*About this task*: Output exactly the lines of the listing below that run from the line with "- Ultraleather™ U-shaped" through the line with "Envía tus condolencias". No pictures.

*Extracted information*:
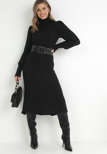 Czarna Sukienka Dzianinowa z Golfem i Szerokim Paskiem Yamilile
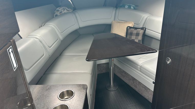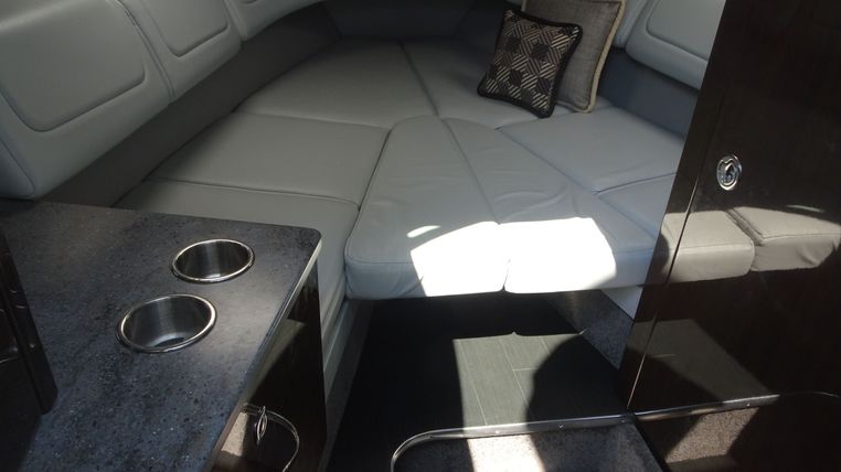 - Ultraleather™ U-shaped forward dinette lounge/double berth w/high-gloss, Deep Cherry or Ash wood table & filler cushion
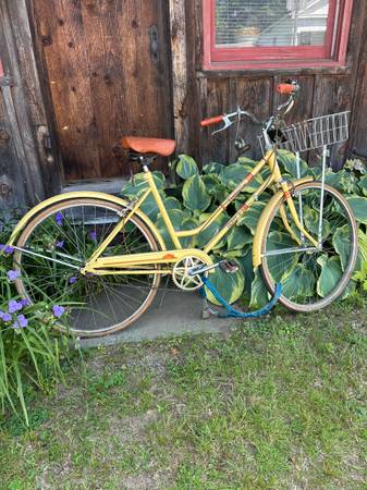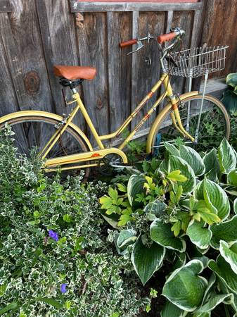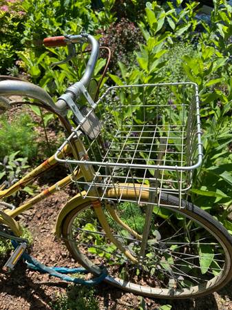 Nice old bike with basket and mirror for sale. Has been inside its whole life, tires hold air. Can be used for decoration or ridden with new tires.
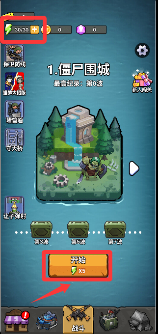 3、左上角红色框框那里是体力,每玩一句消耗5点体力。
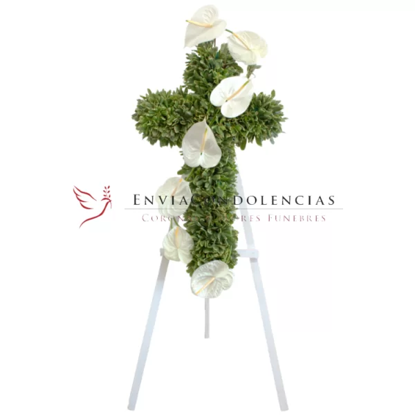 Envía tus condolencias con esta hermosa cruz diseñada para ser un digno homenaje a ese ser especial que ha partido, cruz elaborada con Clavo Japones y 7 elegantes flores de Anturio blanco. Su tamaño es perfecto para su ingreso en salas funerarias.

--

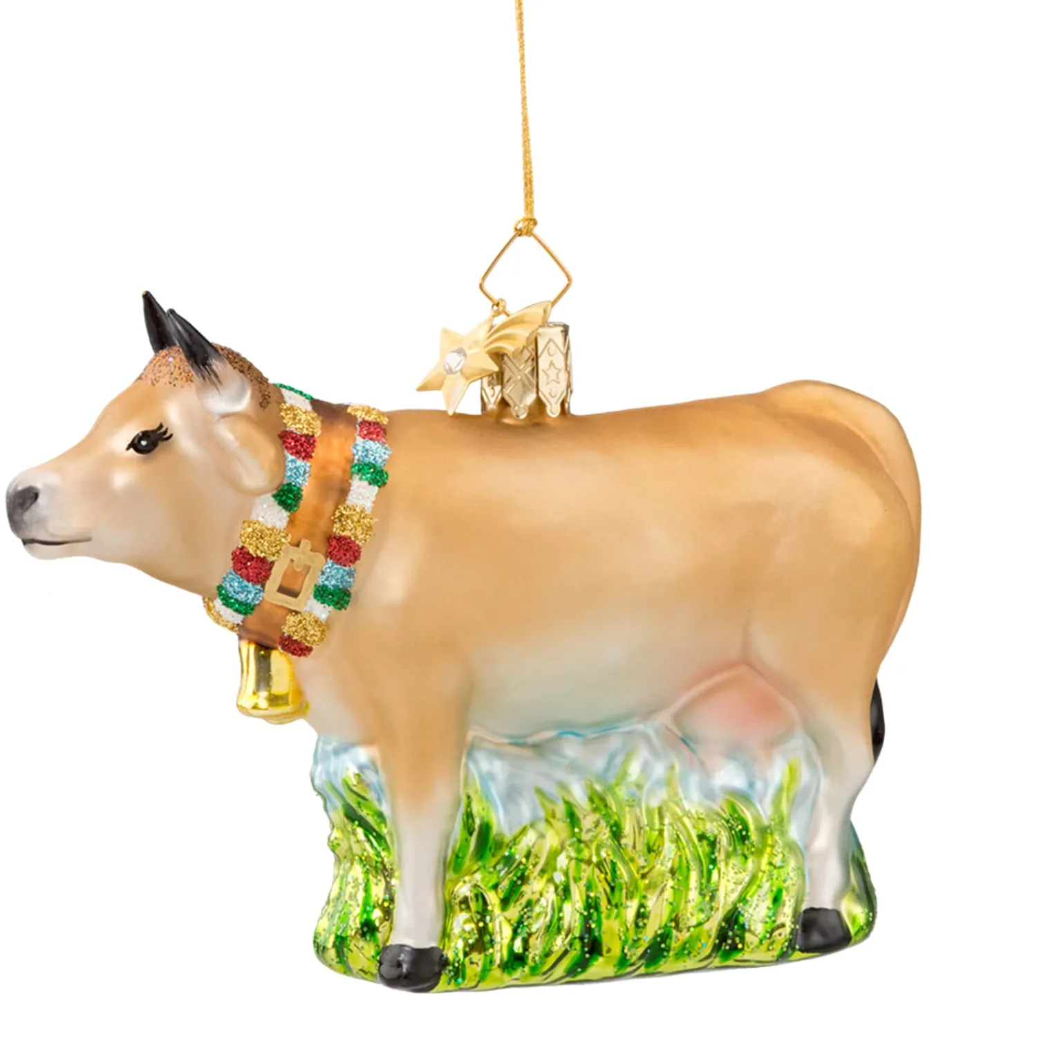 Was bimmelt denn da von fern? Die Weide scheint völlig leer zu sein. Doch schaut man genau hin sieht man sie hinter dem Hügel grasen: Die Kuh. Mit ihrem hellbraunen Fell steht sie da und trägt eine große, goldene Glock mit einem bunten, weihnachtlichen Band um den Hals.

*Reply to the exercise*:
 - Ultraleather™ U-shaped forward dinette lounge/double berth w/high-gloss, Deep Cherry or Ash wood table & filler cushion
 Nice old bike with basket and mirror for sale. Has been inside its whole life, tires hold air. Can be used for decoration or ridden with new tires.
 3、左上角红色框框那里是体力,每玩一句消耗5点体力。
 Envía tus condolencias con esta hermosa cruz diseñada para ser un digno homenaje a ese ser especial que ha partido, cruz elaborada con Clavo Japones y 7 elegantes flores de Anturio blanco. Su tamaño es perfecto para su ingreso en salas funerarias.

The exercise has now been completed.